■ EXTRACTED ENTRIES:
*** Block opens ***

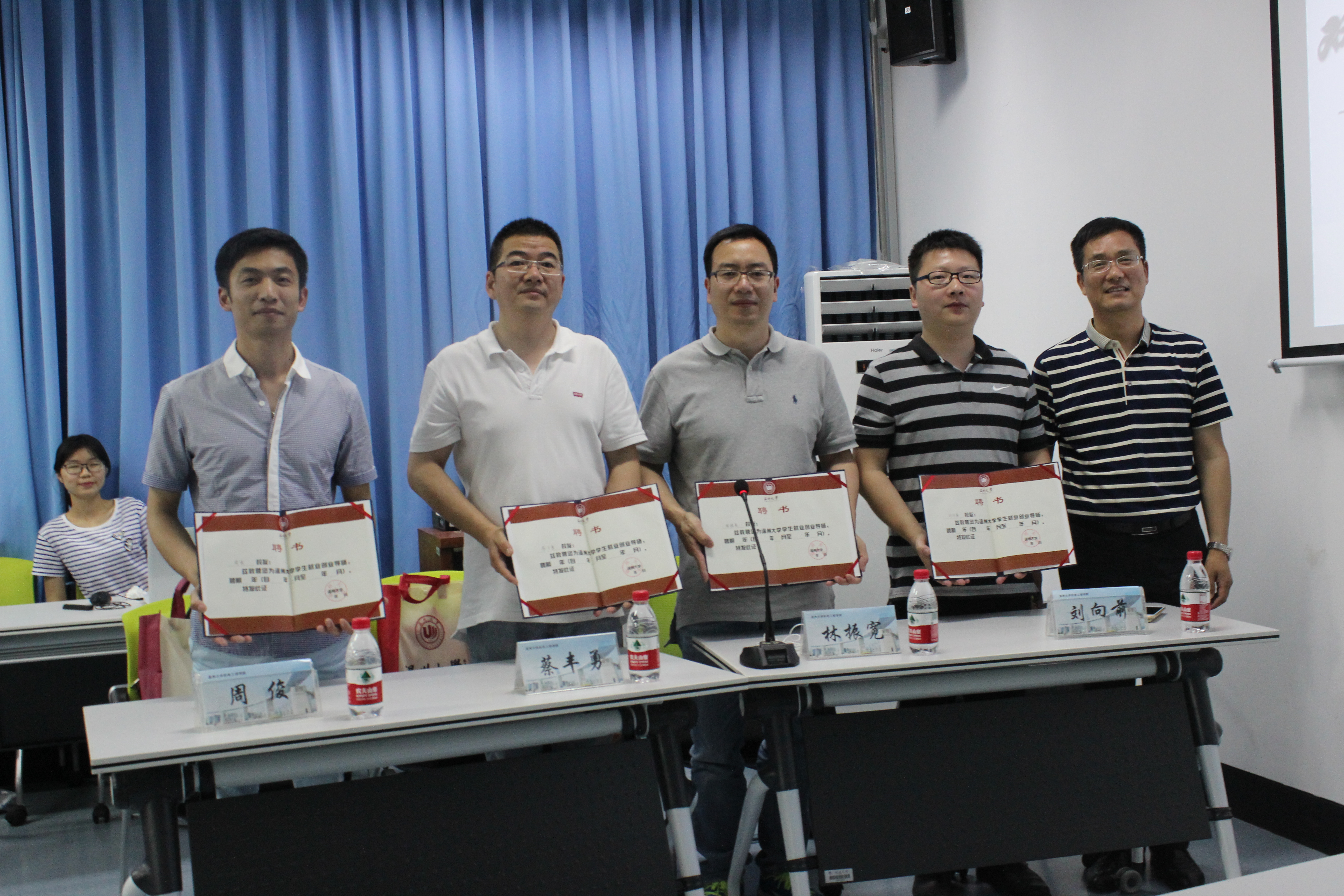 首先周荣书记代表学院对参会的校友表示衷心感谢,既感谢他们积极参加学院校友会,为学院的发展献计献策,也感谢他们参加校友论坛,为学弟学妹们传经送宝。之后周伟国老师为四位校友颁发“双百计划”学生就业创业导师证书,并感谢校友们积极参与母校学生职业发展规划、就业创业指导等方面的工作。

*** Block closes ***
*** Block opens ***

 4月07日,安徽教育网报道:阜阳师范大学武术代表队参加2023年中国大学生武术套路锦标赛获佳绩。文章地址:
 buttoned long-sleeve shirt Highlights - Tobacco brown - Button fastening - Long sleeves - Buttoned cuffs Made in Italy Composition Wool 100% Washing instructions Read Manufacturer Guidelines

*** Block closes ***

■ WHAT IS EXPECTED:
Will you return exactly the lines above from the one with "4月07日,安徽教育网报道:阜阳师范大学" down to the one with "buttoned long-sleeve shirt", counting both as part of the range?

■ ANSWER SECTION:
 4月07日,安徽教育网报道:阜阳师范大学武术代表队参加2023年中国大学生武术套路锦标赛获佳绩。文章地址:
 buttoned long-sleeve shirt Highlights - Tobacco brown - Button fastening - Long sleeves - Buttoned cuffs Made in Italy Composition Wool 100% Washing instructions Read Manufacturer Guidelines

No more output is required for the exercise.